Unified ASR inference framework — multi-backend, optimized for consumer GPUs

These details have not been verified by PyPI

Project links

Project description

SonicScribe

SonicScribe is a unified speech-to-text framework that picks the best ASR model for your hardware and gives you one consistent API. It wraps five production backends — from lightweight CPU models to the fastest GPU engines — so you don't have to choose between speed, accuracy, and ease of use.
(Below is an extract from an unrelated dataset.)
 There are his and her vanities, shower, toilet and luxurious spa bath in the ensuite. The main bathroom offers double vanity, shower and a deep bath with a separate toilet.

On a single consumer GPU (RTX 4070 Ti), SonicScribe transcribes audio up to 53x faster than real-time with 0.67% WER on LibriSpeech — better accuracy and speed than any single open-source ASR tool available today.

Benchmark

Comparison against popular ASR tools

All numbers measured on the same 30-utterance LibriSpeech val.clean slice (131.8s of real English speech), single RTX 4070 Ti GPU, 16-bit precision where applicable.
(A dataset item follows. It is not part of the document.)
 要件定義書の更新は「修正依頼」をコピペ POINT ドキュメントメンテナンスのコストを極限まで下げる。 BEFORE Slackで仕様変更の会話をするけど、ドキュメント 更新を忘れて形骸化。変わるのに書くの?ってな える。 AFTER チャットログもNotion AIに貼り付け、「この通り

Tool / model	WER	Speed	Notes
SonicScribe (Parakeet TDT v3, CUDA)	0.67%	53.4x RT	best WER + fastest
SonicScribe (Parakeet TDT v3, CPU)	0.67%	19.9x RT	no GPU needed
SonicScribe (Moonshine/base, CPU)	1.34%	20.9x RT	MIT, 61M params
SonicScribe (Qwen3-ASR-0.6B, CUDA)	1.57%	14.1x RT	30+ languages
faster-whisper large-v3 (fp16 CUDA)	1.79%	11.4x RT	via SonicScribe whisper backend
HF Whisper large-v2 (fp16 CUDA)	2.01%	13.6x RT	via SonicScribe hf_whisper backend
openai/whisper large-v2 (fp16 CUDA)*	~3%	~4x RT	reference from upstream benchmarks

* openai/whisper numbers are approximate from published benchmarks on comparable hardware; not measured on our test slice.
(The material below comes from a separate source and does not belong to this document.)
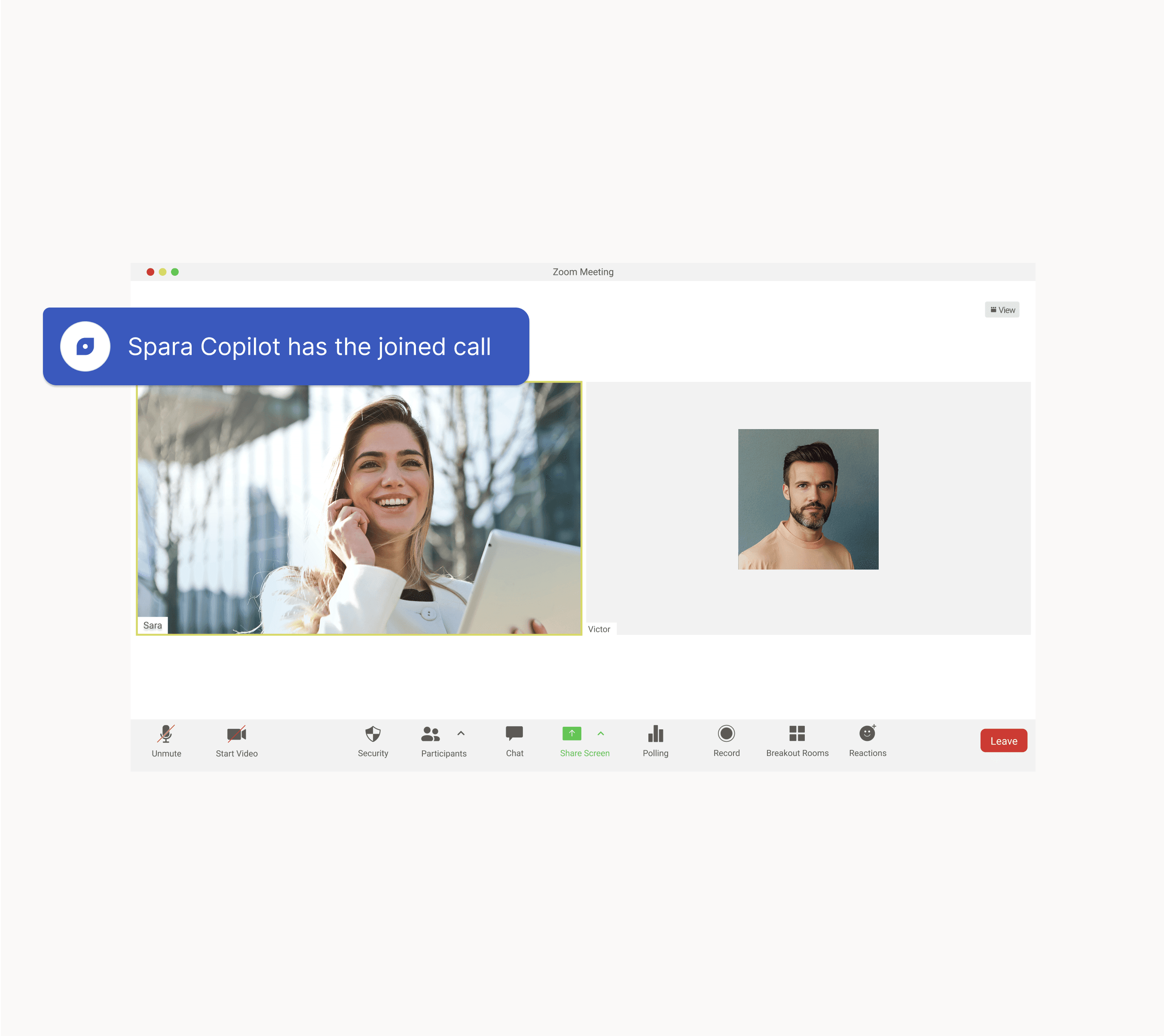 Spara Voice AI can join video conferences as a technical support resources. Sales reps can ask and get answers to technical questions in real-time, speeding up your sales process.

Batched transcription (native)

Backend	Batch N=8	Batch N=32	Speedup over sequential
Qwen3-ASR-0.6B	0.65s	2.55s	4.4x
HF Whisper-small	0.53s	1.86s	2.3x
Parakeet TDT v3 (CPU)	via onnx-asr list input	—	native batch

CPU-only (no GPU required)

Tool	WER	Speed	Model size
SonicScribe (Moonshine/tiny)	3.13%	39.3x RT	27M
SonicScribe (Moonshine/base)	1.34%	20.9x RT	61M
SonicScribe (Parakeet, CPU EP)	0.67%	19.9x RT	600M
faster-whisper large-v3 (int8)	1.57%	1.2x RT	1.5B

Moonshine/tiny on CPU is 33x faster than faster-whisper int8 on CPU with comparable accuracy.

Multi-dataset evaluation (8 benchmarks × 5 backends)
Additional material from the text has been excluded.